» **Assignment**
With pictures left out, extract every line between the start of the records below and the line holding "Exquisite Jadau Kundan", inclusive.

[Stored data Boundary: Start]

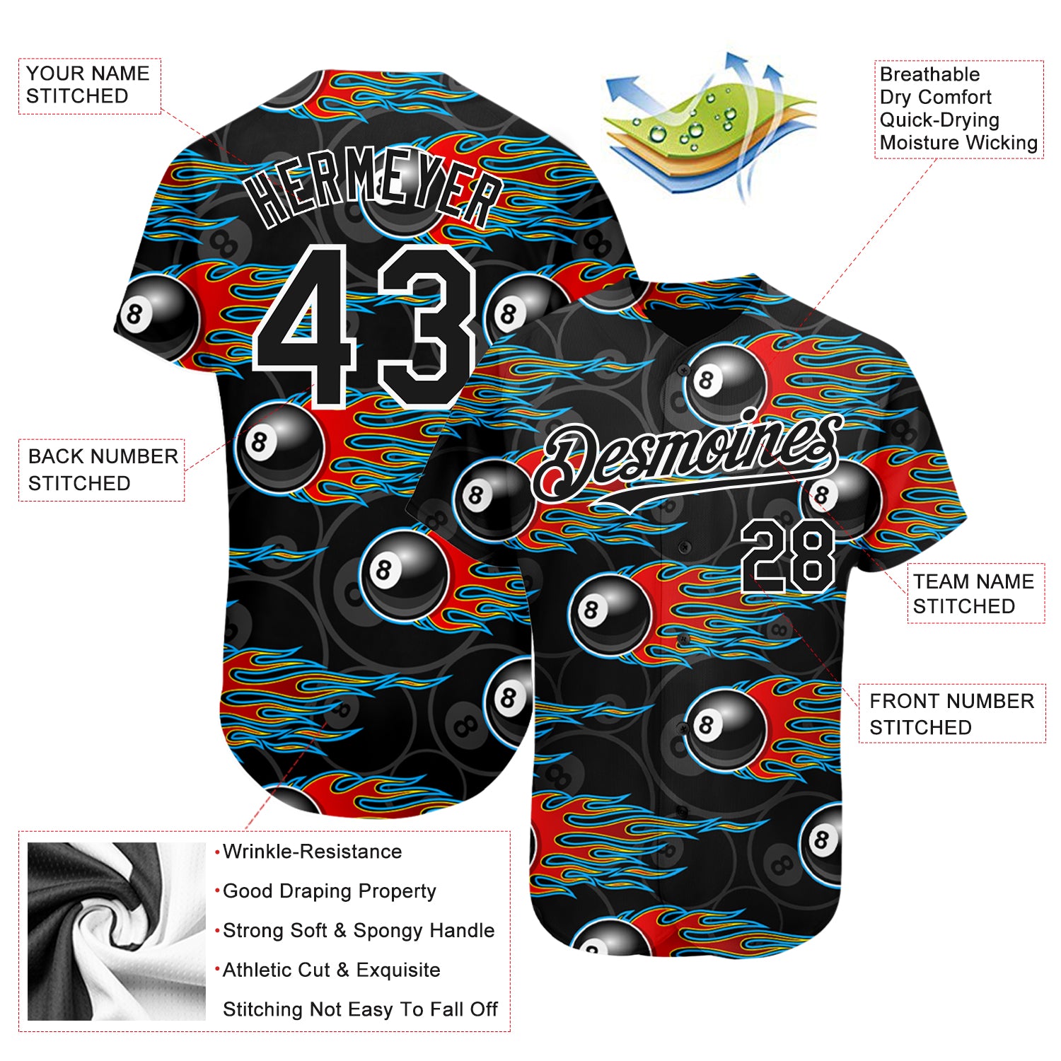 Personalized Black White 3D Pattern Design Flaming Billiards Snooker 8 Ball Authentic Baseball Jersey
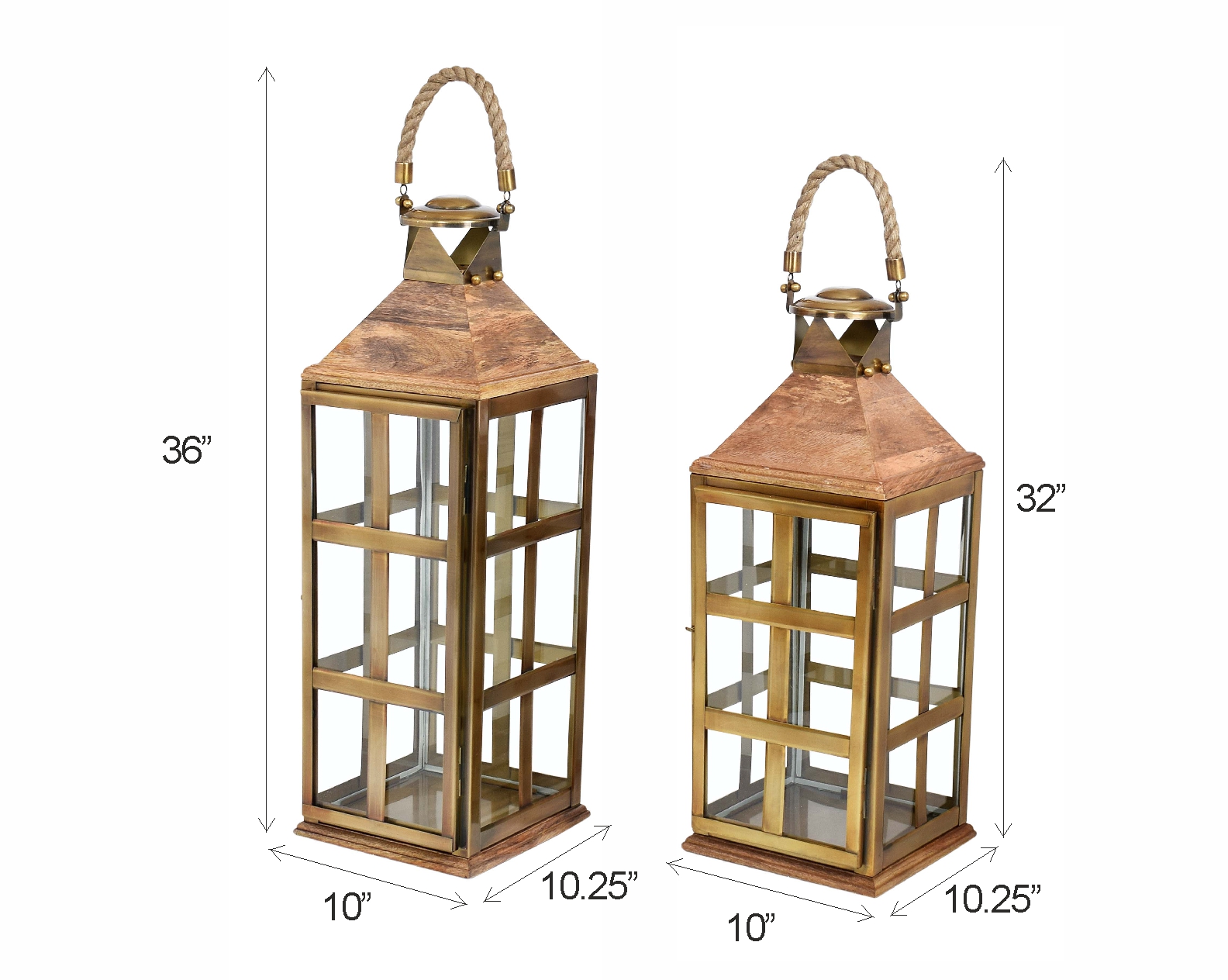 Lantern in mango wood with clear glass and brass plated stainless steel with woven rope handle.
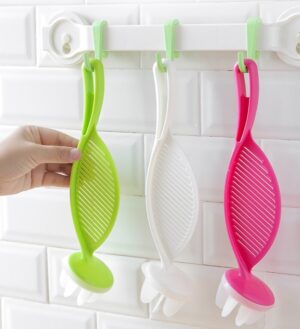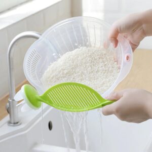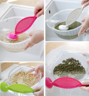 Colador y limpiador multifuncional de cocina. Su forma permite lavar semillas, granos, fruta y verdura sin tocar con las manos, y utilizar su mango como escurridor. Hecho de material plástico de alta calidad con certificado alimentario, no tóxico, resistente y no guarda olores.
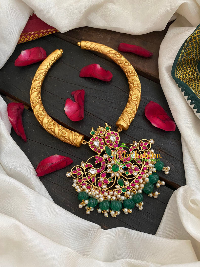 Exquisite Jadau Kundan Hasli Choker with kundan & precious stone studded premium quality GREEN BEAD AND pearl finish neckpiece.
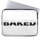 A visual play on the words half baked. Laptop case for a cook or chef maybe. Laptop cover with a play on words. Chef gift. Graphics that show half of the word "BAKED".
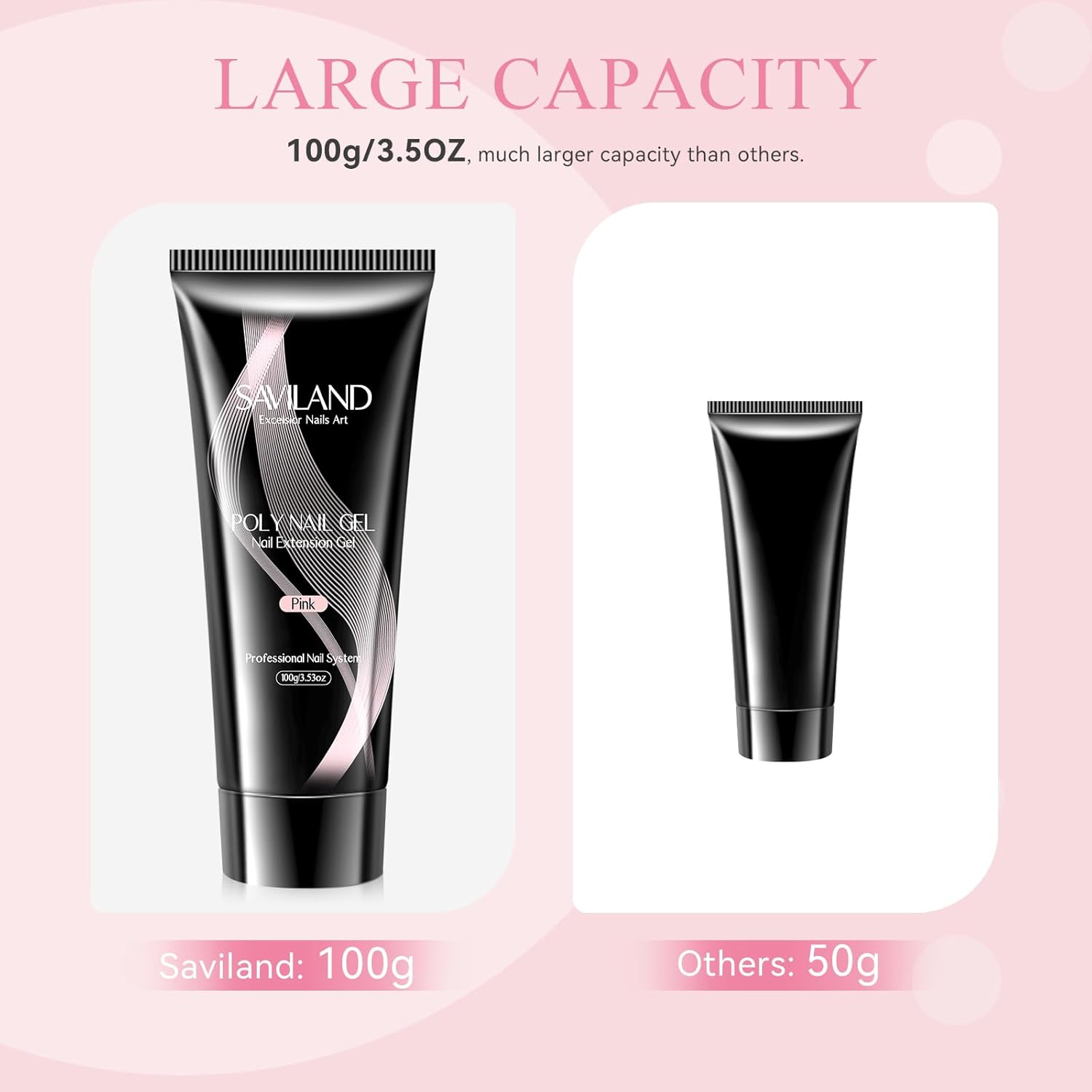 - ๐ท SAVILAND BIG POLY NAIL GEL-Saviland 100g/3.5oz pink poly extension gel with popular classic color, can do nail extension, poly gel nails, nail enhancement, nail art, stick sequins or decorations, etc. 100g super large capacity, valuable, and long service life. It is very suitable for professional nail salons and nail lovers who often make extension. Can mix with other colorful gel to create various and attractive nail art.

[Stored data Boundary: End]

» **Exercise response**
 Personalized Black White 3D Pattern Design Flaming Billiards Snooker 8 Ball Authentic Baseball Jersey
 Lantern in mango wood with clear glass and brass plated stainless steel with woven rope handle.
 Colador y limpiador multifuncional de cocina. Su forma permite lavar semillas, granos, fruta y verdura sin tocar con las manos, y utilizar su mango como escurridor. Hecho de material plástico de alta calidad con certificado alimentario, no tóxico, resistente y no guarda olores.
 Exquisite Jadau Kundan Hasli Choker with kundan & precious stone studded premium quality GREEN BEAD AND pearl finish neckpiece.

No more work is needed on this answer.